Recombinant vaccines are based on bacterial and viral antigen carriers that increasing DC activation and improve antigen presentation. Clinical trials testing recombinant CEA- and MUC1-targeting vaccines in PDA patients have shown little efficacy. TRICOM is a poxvirus-based vaccine encoding a combination three distinct T-cell co-stimulatory molecules: B7–1, ICAM1 and CD58 (best known as LFA-3). In a Phase I study, viral vaccines targeting CEA and MUC1 were tested in 10 advanced pancreatic cancer patients.23 The vaccination regimen consisted of a vaccinia virus expressing CEA and MUC1 (PANVAC-V) coupled to a fowlpox virus expressing the same antigens and co-stimulatory molecules (PANVAC-F). Patients were primed with PANVAC-V followed by three booster vaccinations with PANVAC-F. GM-CSF was used as a local adjuvant after each vaccination and for 3 consecutive days thereafter. The median overall survival of vaccinated patients was 6.3 mo and a significant increase in overall survival was noted among those individuals patients who developed CEA- and/or MUC-1-specific immune responses as compared with those who did not (15.1 vs. 3.9 mo, respectively; p = 0.002). In a Phase III, randomized clinical trial involving 255 patients with metastatic PDA, PANVAC-V was compared with standard gemcitabine-based chemotherapy. Regrettably, the vaccine failed to ameliorate overall survival in this setting.24

Listeria-based vaccines

The ability of L. monocytogenes to stimulate robust, multi-functional, cell-mediated adaptive immune responses is mainly based on its intracellular life cycle25,26 and its ability to target DCs in vivo.27 However, as L. monocytogenes is a food-borne pathogen, it cannot be employed as such as an anticancer vaccine. Thus, a vaccine-compatible L. monocytogenes strain (ΔactA/ΔinlB) that is safe yet retains the potency of wild-type bacteria has been developed and evaluated in 3 separate Phase I clinical studies in patients with malignant and infectious diseases.28 The ΔactA/ΔinlB strain is a genetically defined, live-attenuated L. monocytogenes variant in which the genes encoding 2 virulence determinants have been deleted. This results in a greater than 1,000-fold reduction in toxicity as compared with wild-type L. monocytogenes, but fails to affect the immunostimulatory activity of the fully virulent wild-type pathogen.29 In one study, patients bearing hepatic metastases from mesothelioma, ovarian cancer, non-small cell lung carcinoma and PDA were given this L. monocytogenes strain further engineered to express mesothelin, a cell surface molecule overexpressed by a large majority of PDAs, mesotheliomas, ovarian cancers, and non-small cell lung carcinomas.30 Thirty-seven percent of these patients survived 15 mo or more. Half of them patients were those harboring metastatic PDAs, and immunological analyses revealed that they had developed listeriolysin O- and mesothelin-specific T-cell responses. In light of these findings, a Phase II study of the mesothelin-coding listerial vaccine in metastatic PDA patients has been conducted, as described below.

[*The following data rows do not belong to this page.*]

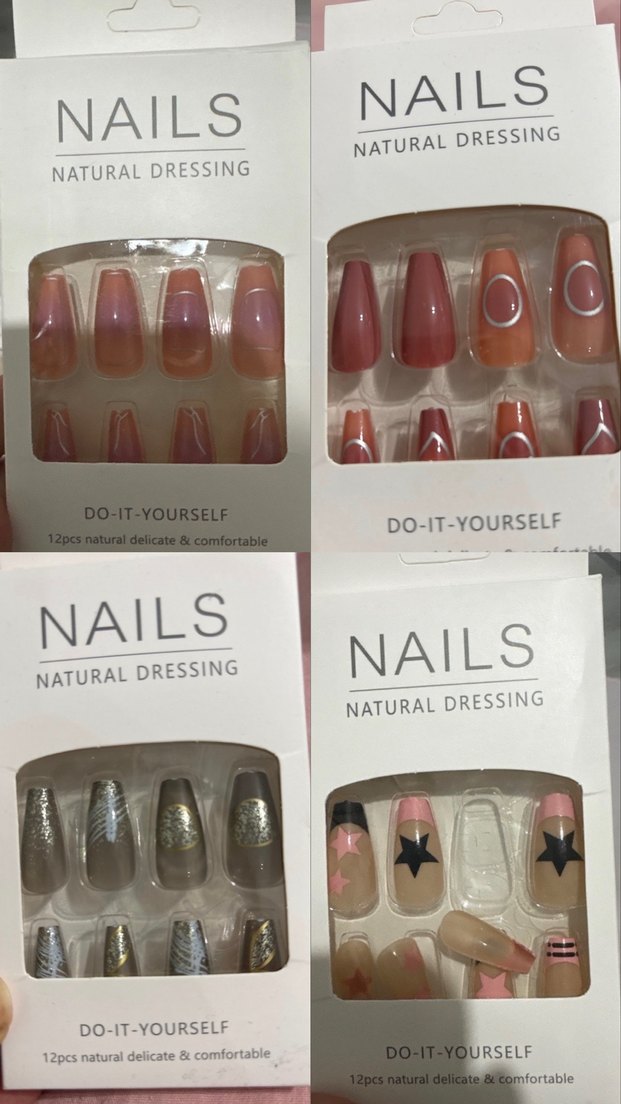 Pastel pembe tonlarında, doğal görünümlü, kendin yap tırnak süslemeleri. 12 parça, rahat ve şık kullanım sağlar. A Adet fiyat
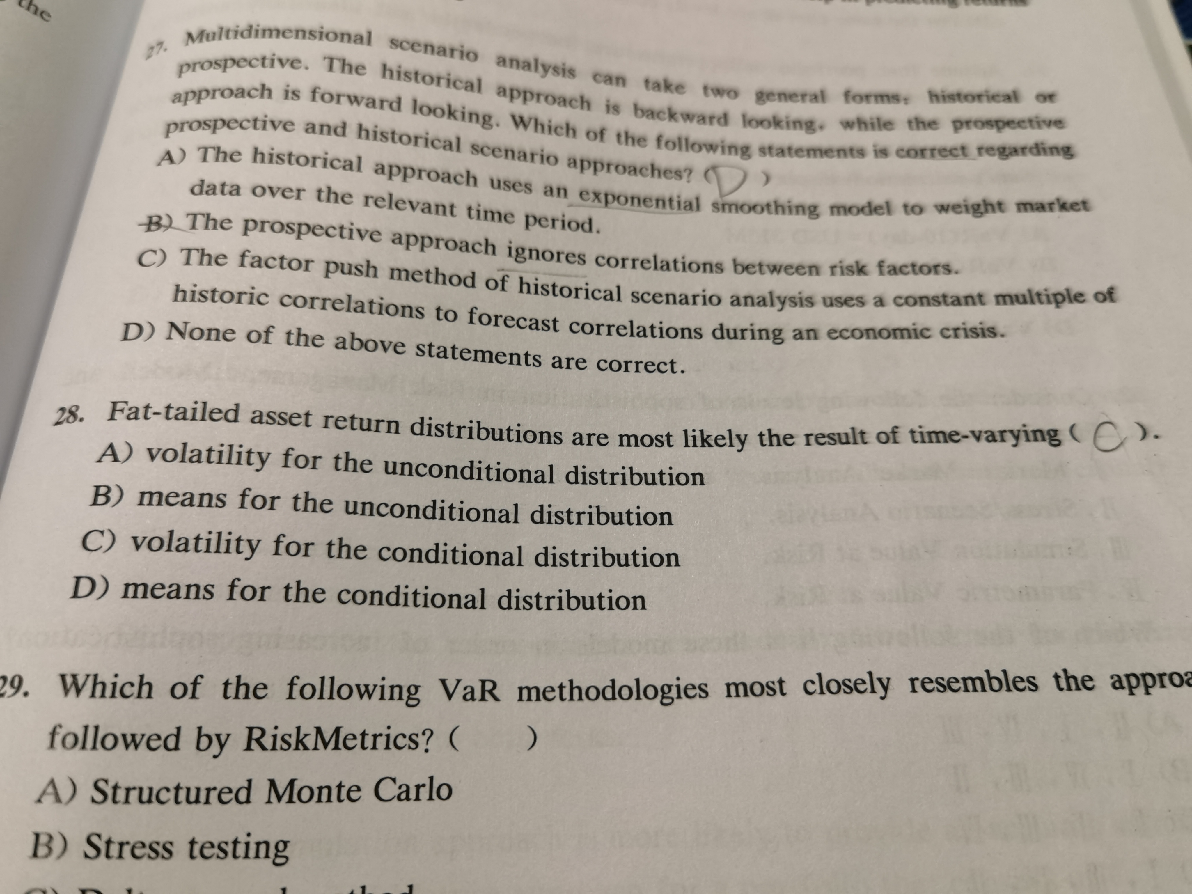 同学你好,这道题是notes上的原题,考试肯定不会考到,同学只需要了解条件分布和非条件分布的定义,以及机制转换模型采用的是条件正态分布且能够处理肥尾问题就可以了。
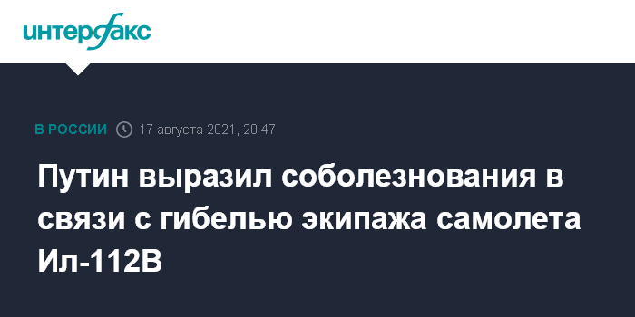Москва. 17 августа. INTERFAX.RU - Президент России Владимир Путин выразил соболезнования родным и близким летчиков, погибших при крушении самолета Ил-112В, сообщает сайт Кремля во вторник.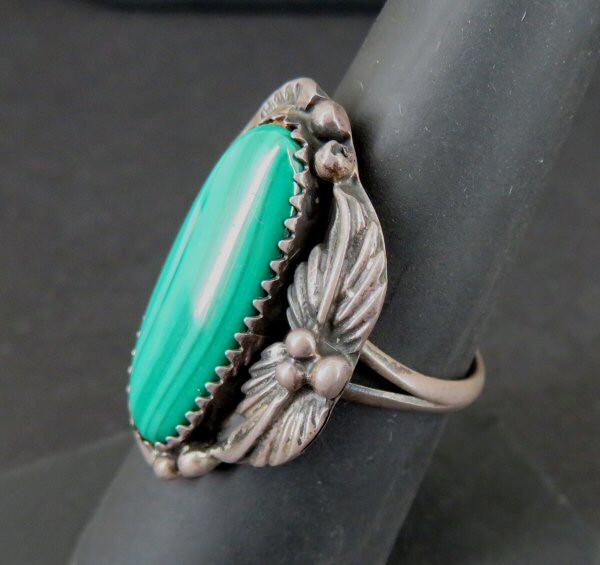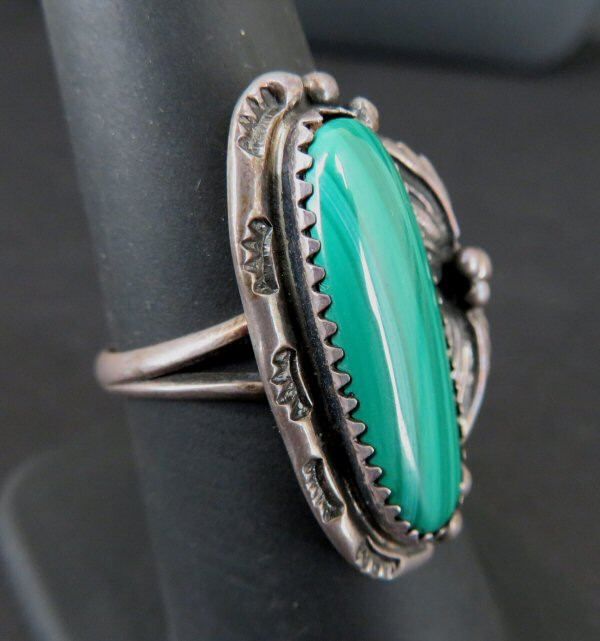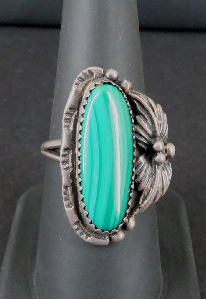 Ring Sterling Vintage Malachite Green Stone Band 925 Silver Size 7.75 Ring

Dendritic cell-based vaccines

As mentioned above, DCs are widely considered as the most potent APCs as they are very efficient at priming naïve T cells to generate memory T cells and B cells that mediate robust antigen-specific immune responses. Several groups have attempted to harness these characteristics by isolating DCs, loading them with TAAs as well as with TAA-coding or tumor-derived mRNA ex vivo, and subsequently re-infusing them in patients. The safety and efficacy of DC-based vaccines in PDA patients have been tested in two clinical trials only. The first of these studies is a Phase I/II clinical trial in which 12 pancreatic and biliary cancer patients were treated upon tumor resection with DCs loaded ex vivo with a MUC1-derived peptide.31 These patients have been followed for > 4 y after vaccination, and 4 of them are alive, all without evidence of recurrence. In the second study, a DC-based vaccine alone or combined with LAK cells was administered together with gemcitabine and/or S-1 to 49 patients with inoperable pancreatic cancer.32 Of these patients, 2 manifested a complete remission, 5 a partial remission, and 10 had stable disease. The median survival of these individuals was 360 d, which appeared to be longer than what could be achieved with gemcitabine and/or S-1. Thus, the combination of DC-based immunotherapy and chemotherapy was well tolerated by advanced PDA patients and warrants further investigation.

Whole cancer cell-based vaccines

Whole cancer cell-based vaccines circumvent the need for targeting a selected TAA as they rely on irradiated tumor cells that by definition express a whole panel of TAAs. In this setting, allogeneic preparations overcome the technical difficulties that may be posed by the producing of autologous vaccines, calling for the isolation of a sufficient amount of malignant tissue from patients. Whole cell-based vaccines also provide a means to immunize lymphocytes and sera against TAAs in a non-biased way, resulting in the generation of reagent that may be used to identify immunologically relevant TAAs to be used for the design antigen-specific vaccination strategies. Two allogeneic whole cell-based anticancer vaccines are currently being investigate for their safety and antineoplastic effects in PDA patients.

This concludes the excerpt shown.